-- The input follows --

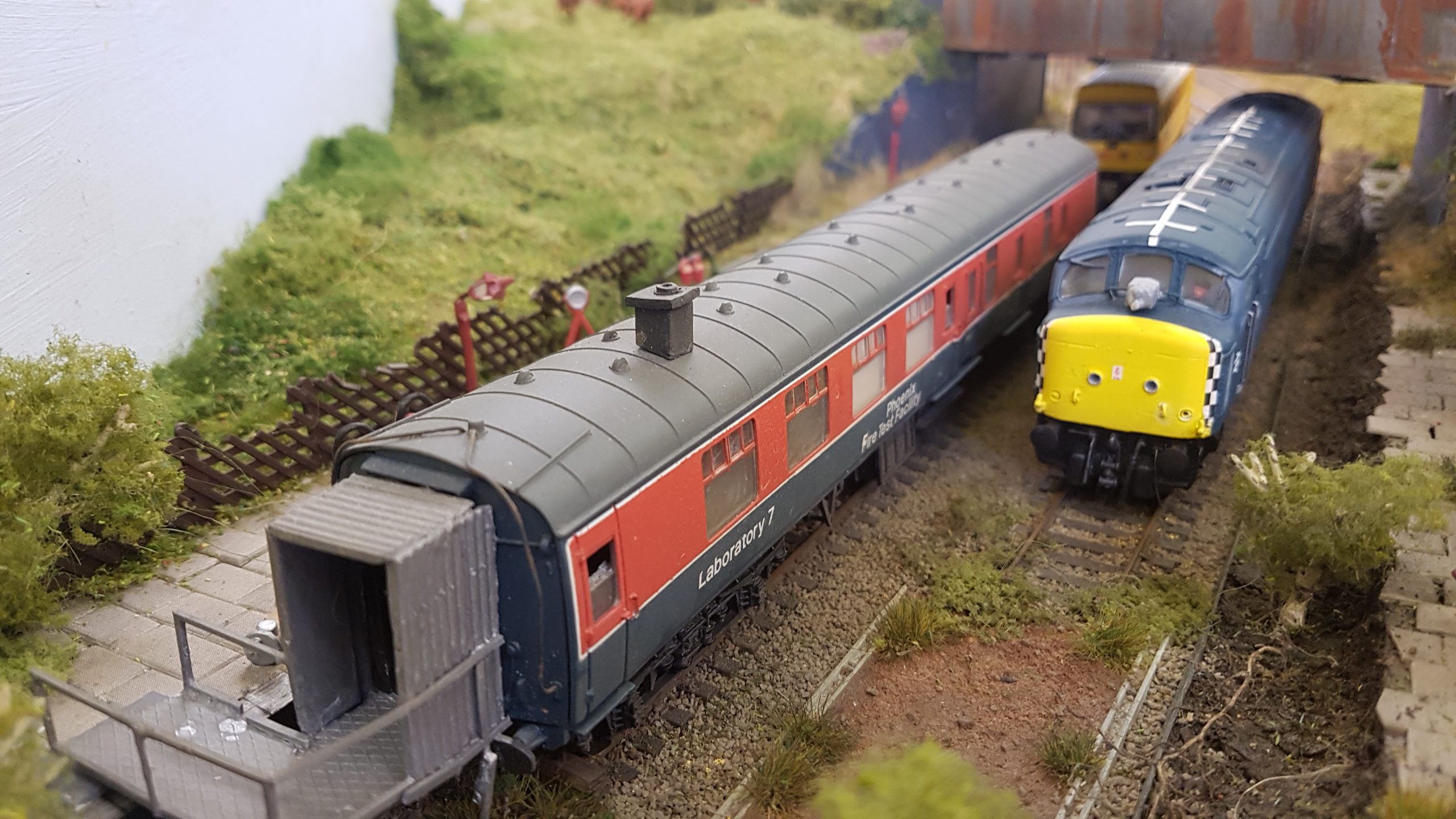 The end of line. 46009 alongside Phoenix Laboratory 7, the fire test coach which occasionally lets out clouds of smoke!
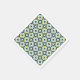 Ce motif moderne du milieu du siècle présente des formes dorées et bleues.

-- The input concluded --
-- The input follows --

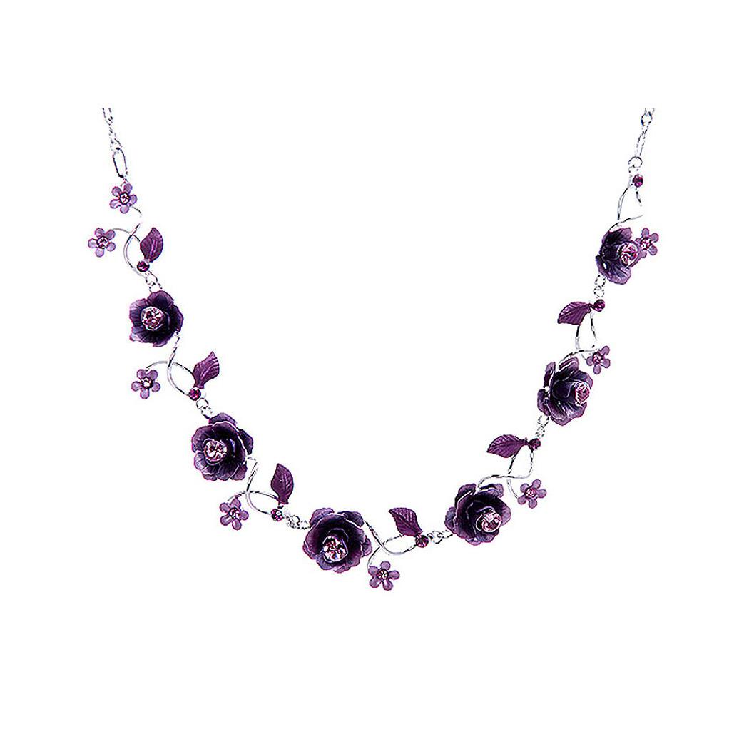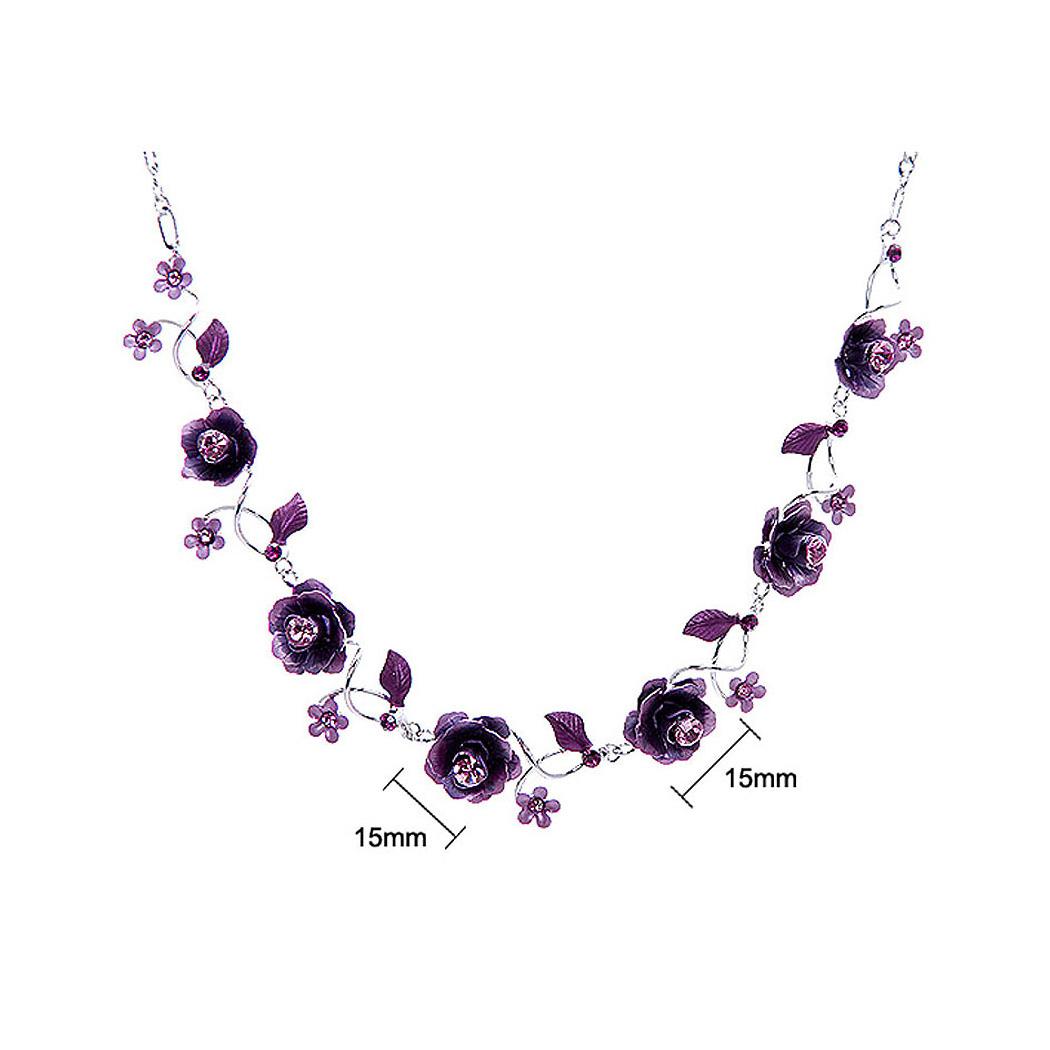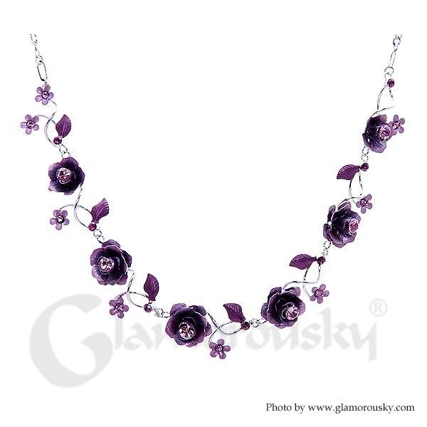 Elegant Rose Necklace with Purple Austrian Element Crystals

-- The input concluded --
-- The input follows --

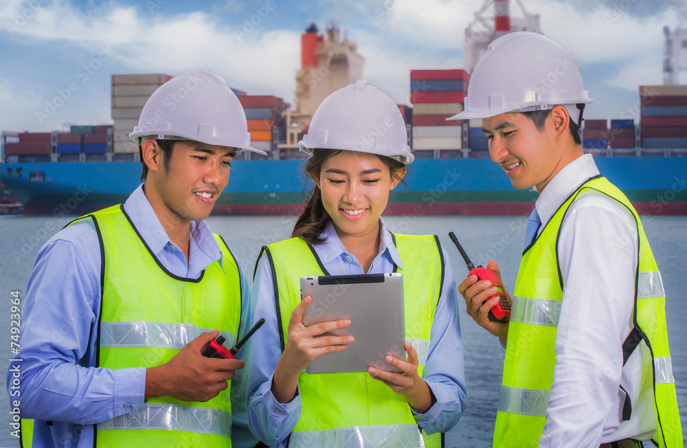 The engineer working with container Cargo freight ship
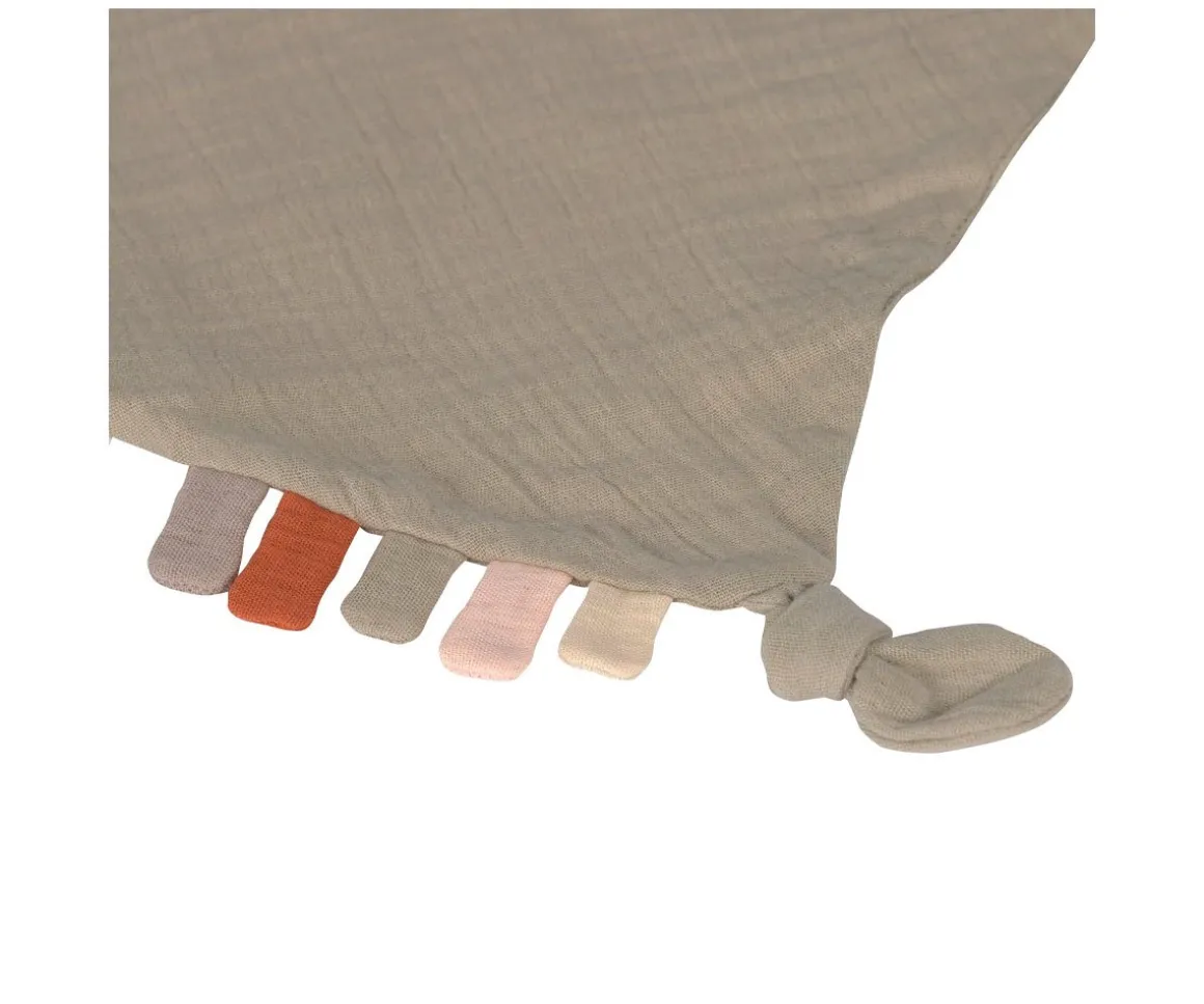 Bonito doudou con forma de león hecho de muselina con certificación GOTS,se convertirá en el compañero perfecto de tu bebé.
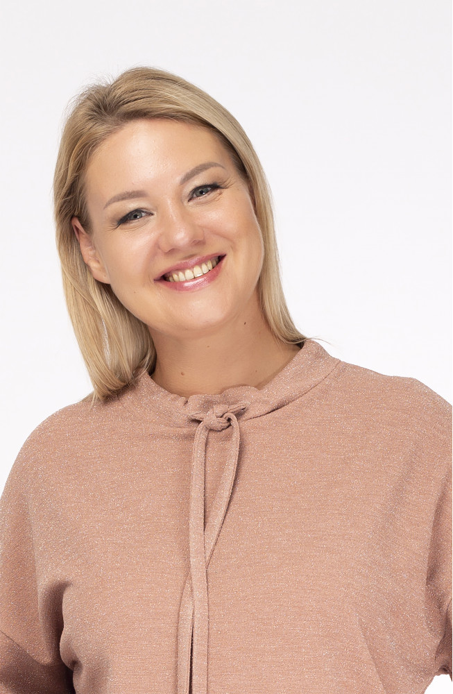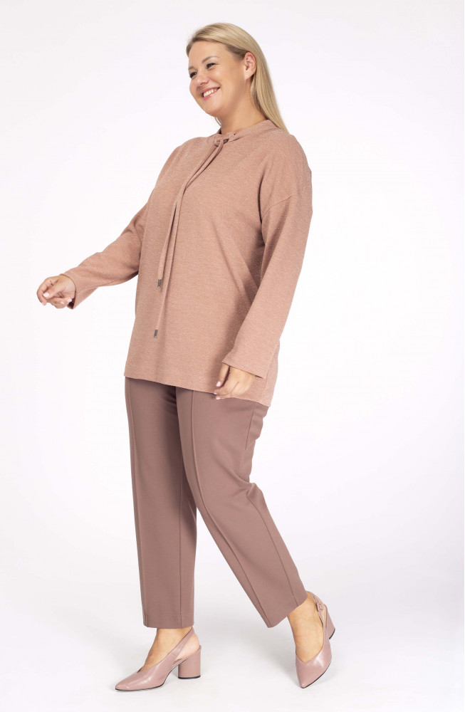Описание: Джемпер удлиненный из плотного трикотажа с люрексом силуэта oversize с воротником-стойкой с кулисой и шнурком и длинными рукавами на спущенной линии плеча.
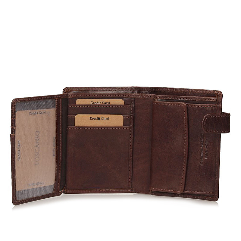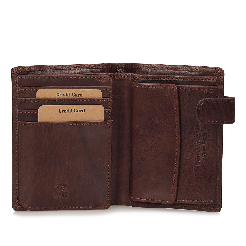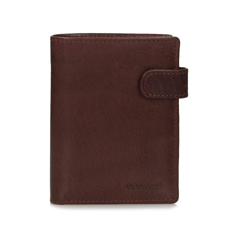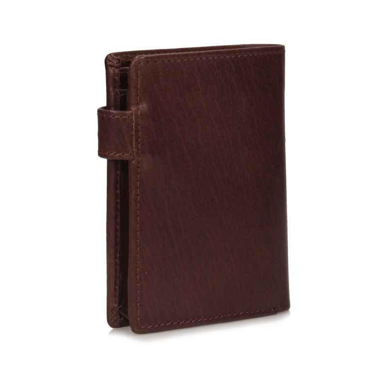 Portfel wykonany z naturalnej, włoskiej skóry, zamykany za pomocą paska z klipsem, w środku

-- The input concluded --

Directions: Set the pictures aside and reproduce exactly the lines above, from the line holding "Описание: Джемпер удлиненный" through the line holding "Portfel wykonany z", both included, with nothing else.

Problem solution:
Описание: Джемпер удлиненный из плотного трикотажа с люрексом силуэта oversize с воротником-стойкой с кулисой и шнурком и длинными рукавами на спущенной линии плеча.
 Portfel wykonany z naturalnej, włoskiej skóry, zamykany za pomocą paska z klipsem, w środku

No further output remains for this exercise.